I think I’m reverting to my roots. Born a couple of years after my parents moved out of the communal house they were sharing with a few dozen other people, I entered the world just as Carter’s solar panels were about to give way to Reaganomics. There are multiple photos of me playing naked in our back yard garden. When my more conventional grandmother joined me in the sandbox for a tea party, I offered things like bancha tea, mochi, and nori rolls; she didn’t know what I was talking about. I carried my lunch to school in a basket, until I was nine.

Growing up on tofu, brown rice, and kale (way before kale was cool), my sister and I pretended carob was chocolate and went a bit crazy when we got our hands on the real thing. We played with hand made toys, didn’t watch TV until we were almost teenagers, and to this day are pop culturally illiterate when it comes to the entire decade of the 1980’s. Luckily for us, our school supported such weirdness and it was only upon graduating into the larger world that I realized it had been a unique upbringing.

When I moved out and started to create a life of my own, I realized how much extra work my parents’ choices created and I frequently took the easy way instead. I bought prepared food, never baked my own bread, didn’t have a garden, and slowly forgot about all of it. Or, I figured it would magically happen somewhere down the line.

I began working in the film industry shortly after graduating from college and quickly traded all of my free time for the craziness that comes with the industry. Keeping plants alive, not to mention a garden, when working 80 hours a week, was difficult to say the least. I ate three meals a day from the caterers or craft service and, though not wanting to complain about being served what for many is a feast, every single day, it was heavy comfort food, designed to keep the crew’s moral up, not to be healthy. There were days I’d give anything for brown rice, tofu, and kale.

Over the past year, several of my friends and family members have had babies and several others have been diagnosed with cancer. These are only connected in that they both made me stop and think about how I’m living my life and what my priorities are. I realized that the garden and bread baking weren’t going to just happen and that my own health was beginning to suffer from lack of sleep, stress, and poor diet. And, so, over the past year, I have taken a whole bunch of time off to begin to remember how I used to live.

In one of my recent spring cleaning blitzes, I took all of the household cleaners, that had ingredients I couldn’t pronounce, to the household chemical recycling facility.
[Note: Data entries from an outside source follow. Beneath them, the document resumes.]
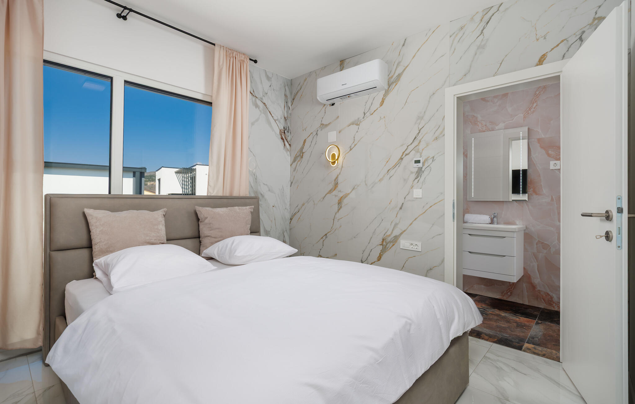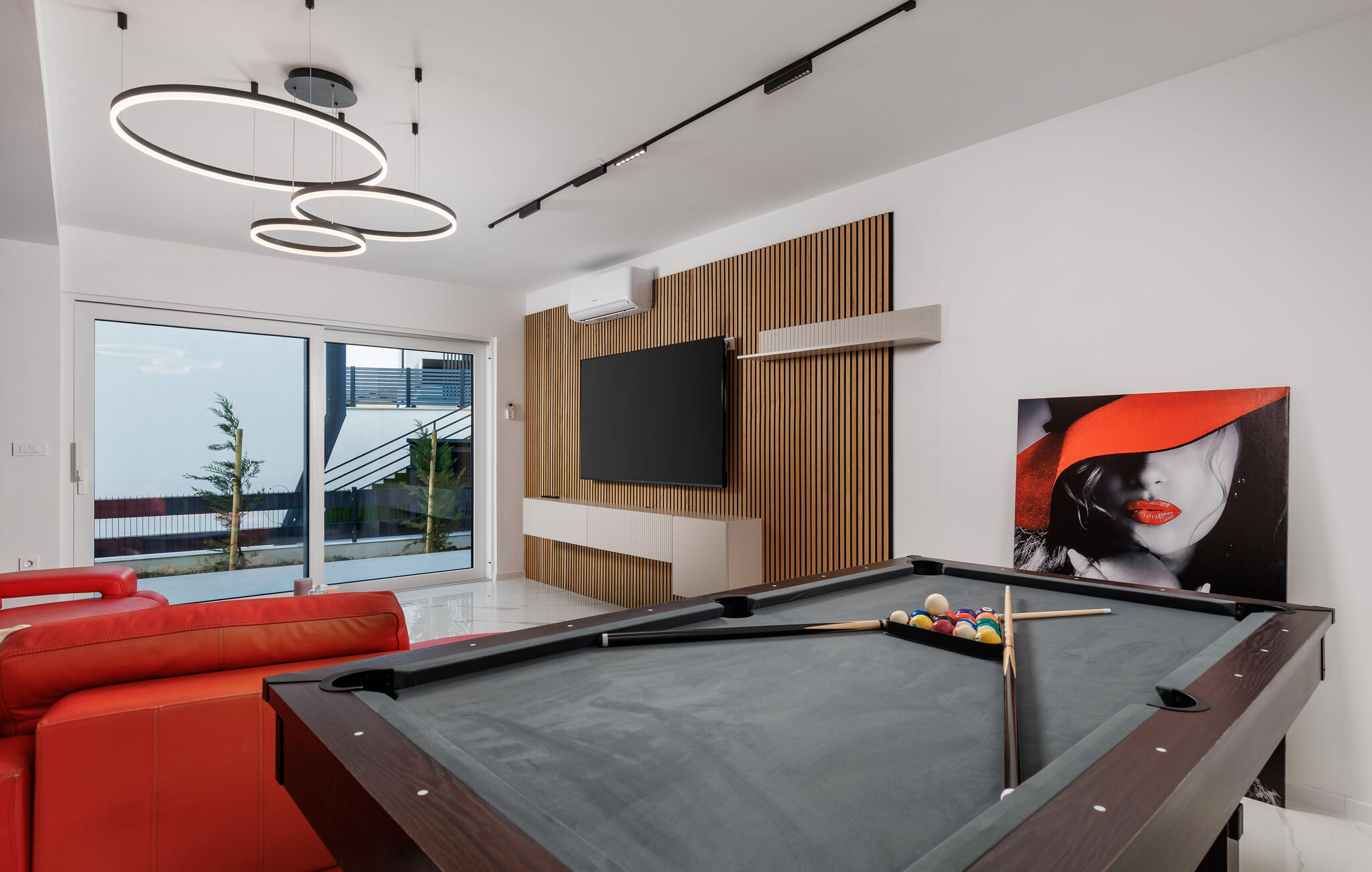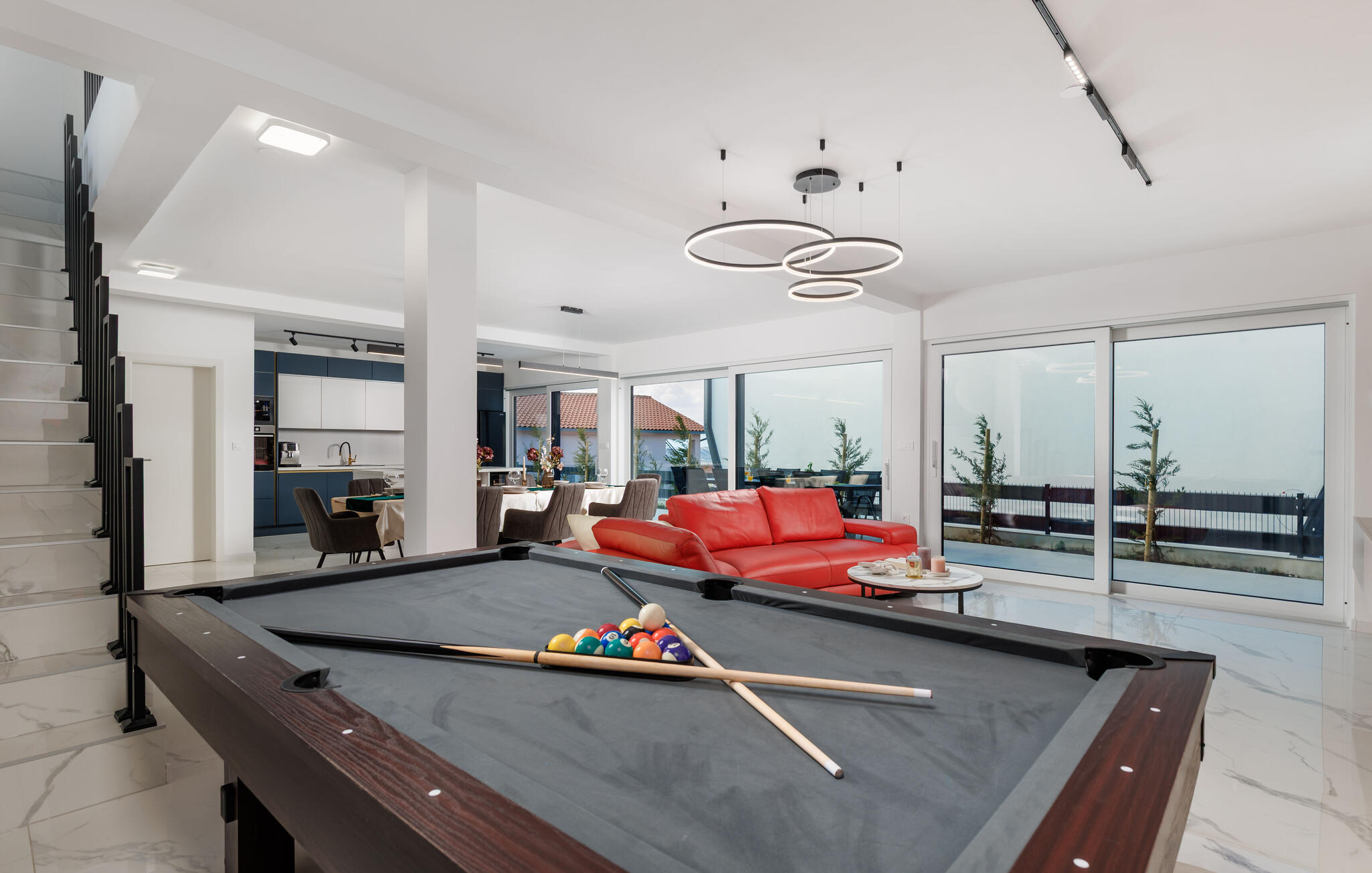 Diese moderne und geräumige Villa begeistert mit hochwertigem, minimalistischem Design und bietet reichlich Platz, um ihre zahlreichen Extras mit einer größeren Familie oder Gruppe von Freunden zu genießen. Zaubern Sie kulinarische Highlights, finden Sie für stilvolle Mahlzeiten zusammen und nehmen Sie abends für einen spannenden Film auf dem eleganten Sofa Platz, spielen Sie eine Runde Billard oder entspannen Sie im Innenpool.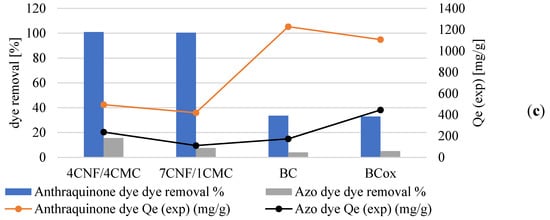 The nature of the adsorption process depends on the physical or chemical characteristics of the adsorbent system and also on the system condition []. As can be initially visualised in Figure 7, the membrane adsorption was successful to different extents on different membranes, using different cationic dyes. Regarding the latter, much more intensive dye adsorption was observed in the case of anthraquinone (blue), compared to azo (yellow) dye, which was also confirmed by the results of the dye removal percentage (Figure 7c). Here, it is worth mentioning that dye removal analysis accounted for the normalised membrane surface (20 cm2), and not the dry adsorbent weight, and results revealed similar values between CNF/CMC with different ratios and BC–BCox in the case of anthraquinone dye, with the first two combinations being threefold more effective than the second type. This we assume to be a consequence of higher water binding to BC and BCox itself, which have a very high swelling degree (~1500% and ~1200%, respectively []), which is not the case with CNF/CMC, where adsorption was more preferable due to lower initial hydration. Another important reason was the much lower surface charge of BC and BCox compared to CNF/CMC membranes, presented in the titration data. In the case of azo dyes, the most effective was 4CNF/4CMC, where the effect of the highest surface charge was pronounced. The anthraquinone dye had a 30 g/mol higher Mw than azo dye, which contributed to its substantivity towards the membrane surface. We assume that the difference in ionization constants of anthraquinone and azo dyes at the pH at which the adsorption experiment was undertaken (pH 5) is another reason for the very pronounced difference in the removal efficiency of the dyes. Azo dyes have one or more azo chromophores (N=N) and bonds between two or more aromatic rings. On the other hand, anthraquinone dyes have chromophore groups (=C=O and=C=C=), forming an anthraquinone complex. Looking at the exact molecular structure of both dyes (Figure 1), it can be assumed that azo dyes carry a positive charge, delocalized over the chromogen, while in the case of anthraquinone dyes, the non-protonated ammonium group on the one side and the quaternary ammonium group on another contribute to localized positive charge [] under the acidic condition applied in the adsorption experiment. The charge localization is expected to provide stronger ionic interaction with the negative charge on cellulosic membranes, leading to a higher adsorption effect.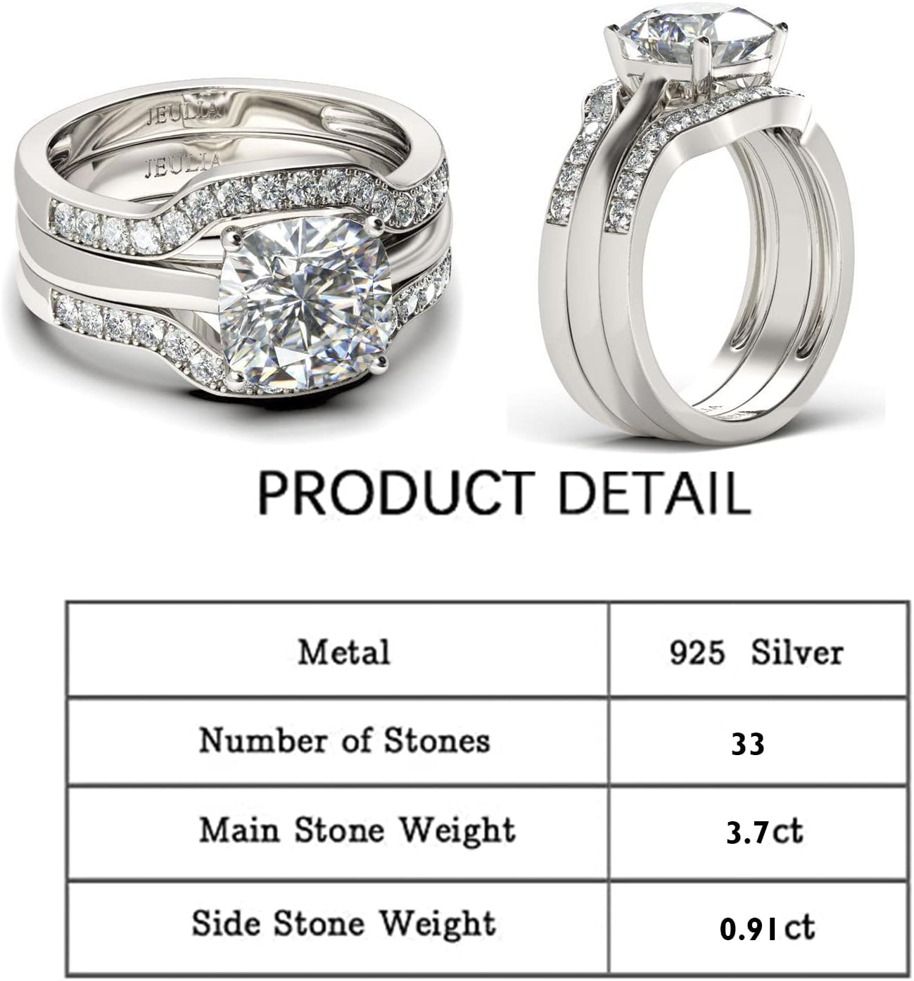 With Jeulia, jewelry is more than an accessory - it represents something much meaningful. Through jewelry, we're afforded the ability to not only personalize a look, but also evoke emotion and create memories. This is the very mentality Jeulia is founded on; we create premium, artisanal jewelry that embodies both who you are and what you stand for.Jeulia.com is owned and operated by Jeulia Limited. Designed and handcrafted in-house at our state-of-the-art studio headquartered in Hong Kong, each beautiful piece is custom-made to be as unique and authentic as you are. True artisanship comes from caring hands - not an assembly line - which is why our workshop always puts quality and more importantly - you - first.Preminum package:There are jewelry boxes, message cards, boxes and handbags. The best products deserve the best packaging. If you are looking forward to an gift for wife, mom, husband, daughter or friends, girls, This women rose gold 3PC wedding ring sets will be the perfect gift, halloween jewelry for Valentine's Day, Birthday, Mother's Day, Anniversary, Thanksgiving or Christmas.Jewelry Maintenance and Precautions:1、Often clean it with a soft-hair brush or cloth to make it keeps stunning and often looks like new.2、Keep it dry and please remove your Jewelry before bath or swim to prevent jewelry case alkali products.3、When not wearing, be sure to thoroughly dried and stored in the original package or a cloth pocket.Setting information:Stone Color : Diamond WhitePrimary Stone:1/3.7ctSide Stone:32/0.91ctWidth -11.9 mmHeight -6.3mmThickness -7.4mmMetal : 925 SilverStone Shape :Cushion,round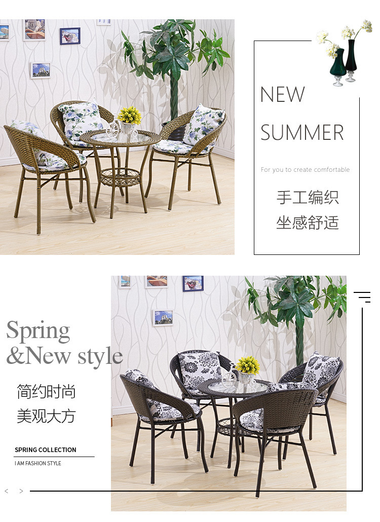 발코니 테이블과 의자 등나무 의자 3 피스 세트 조합 간단한 현대 레저 야외 안뜰 작은 커피 테이블 단일 의자스토어 가기
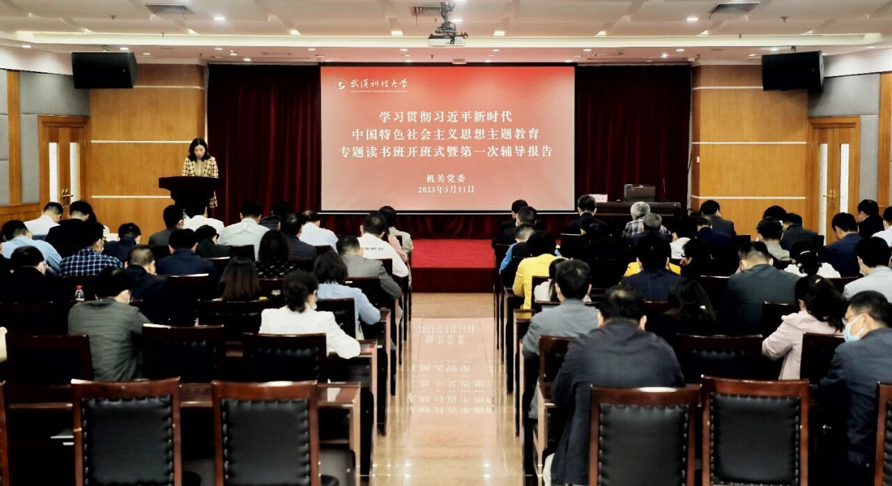 5月11日,机关党委在青山校区主楼18楼报告厅举行学习贯彻习近平新时代中国特色社会主义思想主题教育专题读书班开班式暨第一次辅导报告会。校党委常委、组织部部长刘时新,机关党委全体处级领导干部、党员代表参加会议。湖北省委宣讲团成员、湖北意识形态建设研究院院长、william威廉中文党委书记唐忠义教授作专题辅导报告。会议由机关党委书记郑娟主持。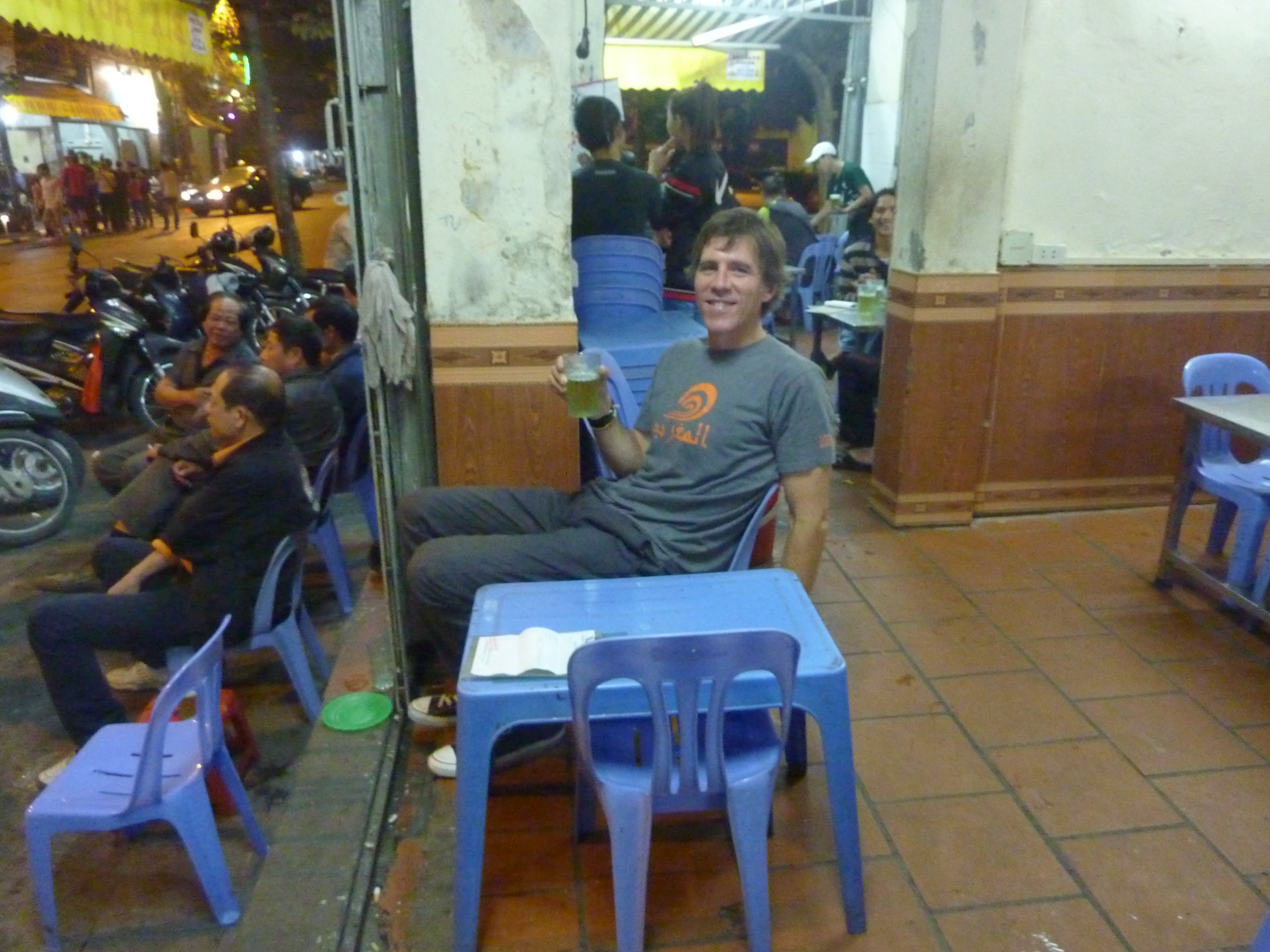 So what then is a bia hoi joint? Picture an open faced and airy two or three walled establishment with bad lighting, a big awning and some sort of fiercely spill resistant flooring (e.g. concrete). It’s sparsely furnished with tiny plastic tables and even tinier plastic stools that spill out onto the sidewalk and, in some cases, into the street. They seem to be clustered together (at least they were in Hanoi) and located on street corners making them optimal for watching life pass you by in the busy streets. Waitresses serve an overwhelmingly male clientele cold glasses of bia hoi which that clientele eagerly consumes while pairing them with tasty Vietnamese bar snacks and boisterous conversation. I suppose they’re the Vietnamese version of the English pub or the German biergarten and they’re awesome. Here’s me enjoying the awesomeness…

I was left with vinegar, baking soda, Dr. Bronner’s peppermint soap, and a multi purpose cleaner from Seventh Generation that seemed a waste to get rid of, though I’m sure vinegar and baking soda would do the trick.

I planted my 8’x2′ raised bed garden with kale, lettuce, carrots, and beets and am waiting until it’s a little warmer to add the tomatoes and herbs.

By working only part time (still 40 hours a week!) on a few TV shows, rather than on long movies, I’ve had time to read, work in the yard, and try to get my health back to where it should be. Because I’m not completely sleep deprived and stressed out for months on end, my cravings for sugar and caffeine have gone way down. To build my adrenals back up, I drink water with lemon throughout the day and put apple cider vinegar on my veggies to aid in digestion.

I laugh to think that I’m reverting to my hippy past, but really all I’m doing is following knowledge that was common sense until only very recently. My grandparents would never have thought of themselves as hippies, yet they understood how to make things from scratch, grow food in the ground, fix things that broke, and to make do with a fraction of what is now considered normal. And I see the contentment that comes from being capable and in touch with ones environment, rather than dependent on corporate ideas of what you need or should want.

As I think about our environment, read news about the increasingly imbalanced climate, hear about the industrial food machine, and think about all of the babies I know who have just been or are about to be born, I want to revert to my hippy roots. I want to do anything I can to make the world, and myself, healthier and happier.